This service interfaces with the registry contract and pulls a list of active upkeeps for every block. It is up to the registry to maintain the list of active upkeeps either by itself polling the contract or by listening for logs.

Sampling Ratio

The sampling ratio is defined as the ratio of upkeeps a single node MUST check at random such that n good nodes have p probability of checking all upkeeps at least once over r range of blocks.

This limits the workload of individual nodes and attempts to distribute the total workload equally to all nodes while synchronizing only on n, p, and r.

Faulty node limit f is included in the calculation of the sampling ratio.

Polling

For each block, this service attempts to check the state of all active upkeeps provided by the registry. First, all upkeeps are shuffled before checking their state. This ensures that all upkeeps have a chance at being checked over a series of blocks. Second, the list of active upkeeps is reduced to the sampling size limit.

Each upkeep is then checked at the provided block number and the total results are used to reset an internal cache such that the results for the latest block replace the results for the previous block.
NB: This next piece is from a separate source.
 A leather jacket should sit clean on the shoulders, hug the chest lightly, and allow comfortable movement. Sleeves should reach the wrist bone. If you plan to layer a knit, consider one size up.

contract -> RegistryContractInterface

for each [Block]
    define [activeUpkeeps]
    for each [upkeep]
        if upkeep is active and not cancelled
            add (upkeep) to (activeUpkeeps)

    call shuffle with (activeUpkeeps)
    replace (activeUpkeeps) with slice of (activeUpkeeps:sampleRatioLimit)

    define [upkeepResults]
    for each (activeUpkeeps)
        call contract.CheckUpkeep with [upkeep] and (Block): return [upkeepResult]
        if no error
            add (upkeepResult) to (upkeepResults)

    replace (poller.upkeepResultsCache) with (upkeepResults)

Providing Samples

Samples are provided directly from the cached results of the last poll. All 'in-flight' results are filtered out at this point.

if no results sampled
    return no results, and error

define [blockNumber]
define [upkeepResults]
for each (upkeepResults)
    if [upkeepResult] is Pending
        remove (upkeepResult) from (upkeepResults)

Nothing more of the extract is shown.